21. Remember the Journey to School Integration by Toni Morrison


Nonfiction book annotation
By: Angela Wilcox

78 Pages



Morrison, T. (2004). Remember the journey to school integration. Boston: Houghton Mifflin Company.

Author Creditability: At the time Toni Morrison wrote this book she was the Robert F. Goheen Professor of Humanities at Princeton University. She was also the senior editor at Random House for 20 years. She has degrees from Howard and Cornell universities and honorary degrees from numerous other institutions, including Harvard. She has won numerous awards including the 1988 Pulitzer Prize, the 2000 National Humanities Medal, the 2000 Library of Congress Bicentennial Living Legend Award, as well as many more. She was also the first African American woman to receive the Nobel Prize in Literature.
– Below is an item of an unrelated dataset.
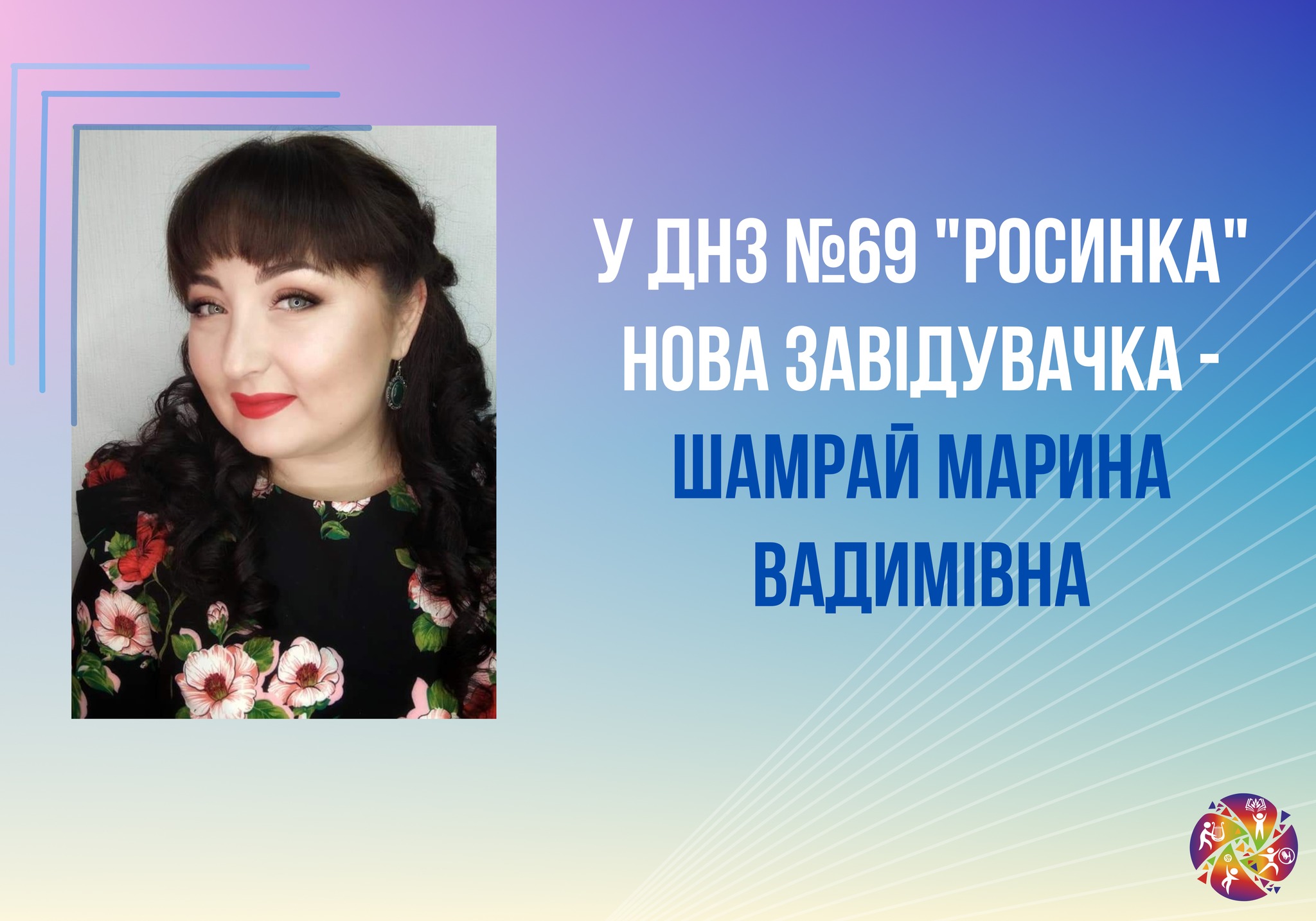 Відповідно до наказу департаменту освіти та гуманітарної політики, новою завідувачкою дошкільного навчального закладу № 69 «Росинка» призначено Шамрай Марину Вадимівну.

Summary: This book is mostly made up of full page black and white photos of the time of Brown v. Board of Education and integration of the school system which grew into the nationwide Civil Rights Movement. Morrison relates what she believes the children and people in the photos might have been saying at the time in her text. This is a pictorial and narrative journey that lets the reader be aware of this time period in American history and its significance today.


Most Important Access Features: This book contains an introduction from Toni Morrison that builds the readers’ schema for the time period of this book. It contains photographs and a copy of The New York Times during this important time in our history. In the back of the book is a timeline of key events in the Civil Rights Movement and school integration. Lastly, there are photo notes with a small photo of the photograph, the page number it is on, where the picture was taken, and a small description of it.
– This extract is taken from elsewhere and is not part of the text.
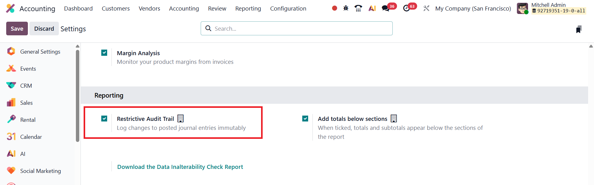 To enable this feature, navigate to Accounting → Configuration → Settings, and under the Reporting section, activate the Restrictive Audit Trail option.

Description of Illustrations: This book contains all primary source documents and photographs. There is a whole list of photo credits at the back of the book where all the photos came from.

Grade Level & Uses: K-8; I believe this book could be used to help students understand our history and how things used to be not just to long ago. The lower grades could not read the text, but the could look at the photographs as the teacher was discussing this time period in our history. I would use this while teaching the Civil Rights Movement and integration

Standards: Social Studies: Culture; Time, Continuity, and Change; Power, Authority, and Governance


Related Texts & How Related: The following books could be used along with Remember The Journey to School Integration to talk this time period in our history.

The Voice That Challenged a Nation: Marian Anderson and the Struggle for Equal Rights

by Russell Freedman
Through My Eyes by Ruby Bridges
Freedom’s Children: Young Civil Rights Activists Tell Their Own Stories by Ellen Levine
Freedom on the Menu: The Greensboro Sit-Ins by Carole Boston


Quality/Awards:
Parent’s Choice Gold Award
Coretta Scott King Award
Bccb Blue Ribbon Nonfiction Book Award

Personal Response to Book: This has also been one of my favorite books. The photographs in this book are breath taking. It amazes me at what all children had to do during this time period and what they were faced with. I believe this should be a required read for every child studying the Civil Rights Movement and this time period in American history.